There are also logistical issues with purchasing real estate in the country. It’s much less straightforward to find escrow services, use standardized contracts and secure title insurance.
Real estate agents aren’t as tightly regulated as in the U.S. A publication from the Arizona Department of Real Estate, “Buying Real Estate in Mexico,” advises U.S. buyers to verify anything a Mexican real estate agent says, for example, and warns that down payments or money in escrow is at higher risk in Mexican transactions.
“It’s just a matter of not leaving your brains at the border,” said Ben Rosen, a lawyer who works on cross-border transactions. “Most of the time, when foreigners lose property, it’s because they didn’t do their due diligence.”

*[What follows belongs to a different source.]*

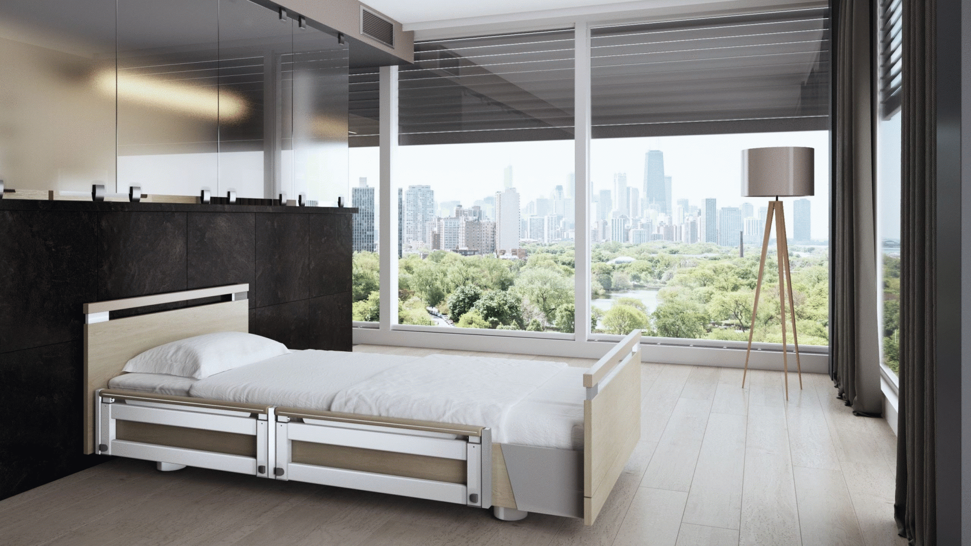 - Các bánh xe được che phủ với trụ nhôm giúp tạo sự chắc chắn và sang trọng cho giường.

But that due diligence isn’t simple. For instance, land may be an ejido, a distinction harkening to the Mexican Revolution. It is communal property reserved for poor local farmers that can’t be sold without their permission. But you might not know you bought an ejido until after the transaction, when it’s tied up in court.

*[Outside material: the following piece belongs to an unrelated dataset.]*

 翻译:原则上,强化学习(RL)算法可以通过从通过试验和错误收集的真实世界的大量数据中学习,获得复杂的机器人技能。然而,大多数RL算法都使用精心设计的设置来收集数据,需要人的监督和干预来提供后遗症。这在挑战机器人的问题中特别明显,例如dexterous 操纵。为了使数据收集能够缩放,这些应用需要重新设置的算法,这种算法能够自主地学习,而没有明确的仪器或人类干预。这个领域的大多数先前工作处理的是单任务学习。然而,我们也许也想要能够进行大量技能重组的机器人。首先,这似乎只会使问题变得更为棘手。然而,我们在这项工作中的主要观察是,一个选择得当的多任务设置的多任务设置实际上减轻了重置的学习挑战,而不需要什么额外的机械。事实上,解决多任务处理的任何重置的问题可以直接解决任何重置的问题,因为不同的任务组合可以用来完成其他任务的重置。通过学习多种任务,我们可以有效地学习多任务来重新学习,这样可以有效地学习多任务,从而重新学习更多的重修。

Mexico also has stronger squatters’ rights than the U.S. Mexico assumes a person has the right to occupy property until proven otherwise. The burden of proof is reversed in the U.S.
And Rosen said foreigners face a disadvantage if they end up in court because they may not know how to navigate a system that is more vulnerable to corruption than the U.S. judicial system.

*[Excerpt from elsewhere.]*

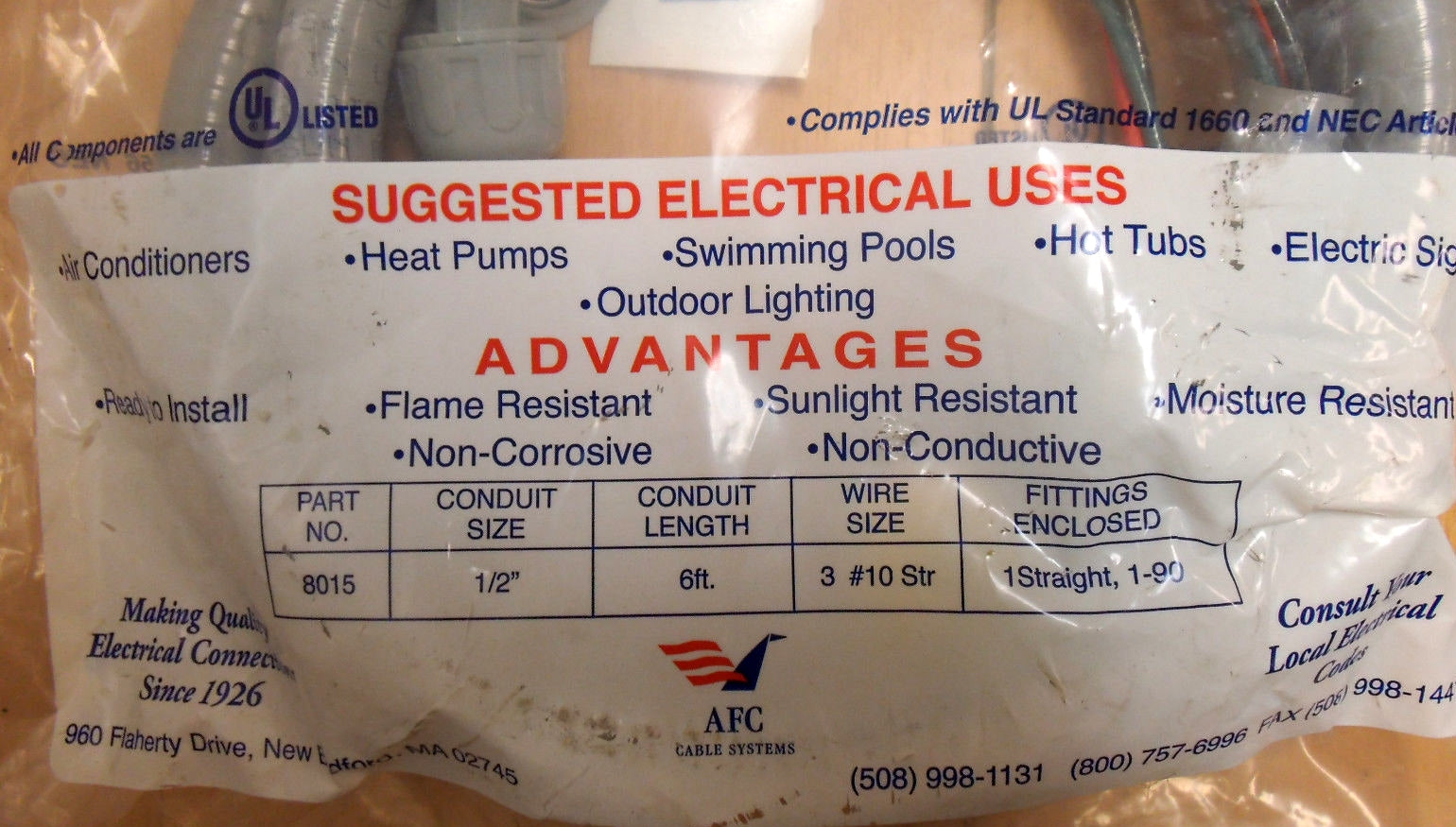 AFC brand non-metallic liquid tight conduit. For use with air conditioners, heat pumps, swimming pools, hot tubs, electric signs, outdoor lighting.

Financing can be tough too. In the U.S., developers take out low-interest, long-term construction loans to fund projects. That’s not an option in Mexico.
Two years in, Shannon hasn’t secured land yet.
Strangman, though, is already building in Tijuana. For his project remaking the Lafayette Hotel on downtown’s Avenida Revolucion, he circumvented problems the old fashioned way: with cold hard cash.
He initially put up about $200,000 of his own cash, he said, and he entered into a long-term lease with a Mexican property owner rather than buying raw land.
He’s turning the Lafayette Hotel into a brand of boutique hotels he wants to build across the border region, called One Bunk. He already has one in Barrio Logan, the refurbished hotel in Tijuana will have seven rooms and he is trying to buy raw land to build another five to 10 rooms in the Valle de Guadalupe.
“If it doesn’t work, it could be that I’m a little too early to the market and Tijuana isn’t ready for it,” he said. “But the good thing about going in early is that you get a better deal. The land values and the lease that I have now, someone who comes down years later won’t be able to get.”
Making it Work
Strangman said his experience thus far has been that the Tijuana government is pro-business and pro-development, trying to bring life back into the city after Sept. 11 and narco-violence halted tourism, Tijuana’s lifeblood since it was born out of U.S. Prohibition.
He said the government permitting process is easier, the fees are lower and costs for construction and professional services like engineers are cheaper. The cost of a structural engineer for initial inspections was about $2,000, he said. In San Diego, it would be closer to $15,000.
Raw land is cheaper, too. A North Park lot cost him over $200 per square foot. In Colonia Cacho, a similar Tijuana neighborhood, land is about $30 per square foot.
The planning process in San Diego is stringent and rigorous; in Tijuana, it’s negotiable.
“There are more people who just do what they want to do and then go to the city after the fact and negotiate,” Strangman said. “But in San Diego, they would shut you down. The fines and penalties would be so stiff and firm. Down there, you could probably give someone a little extra money, and get out of it.”
Strangman said he’s using the hotel project as a learning experience.
“The thing that is intriguing to me is it’s a new frontier,” he said. “It’s a new market. It’s a growing market. Obviously there’s more risk, but therefore, there should be more reward.”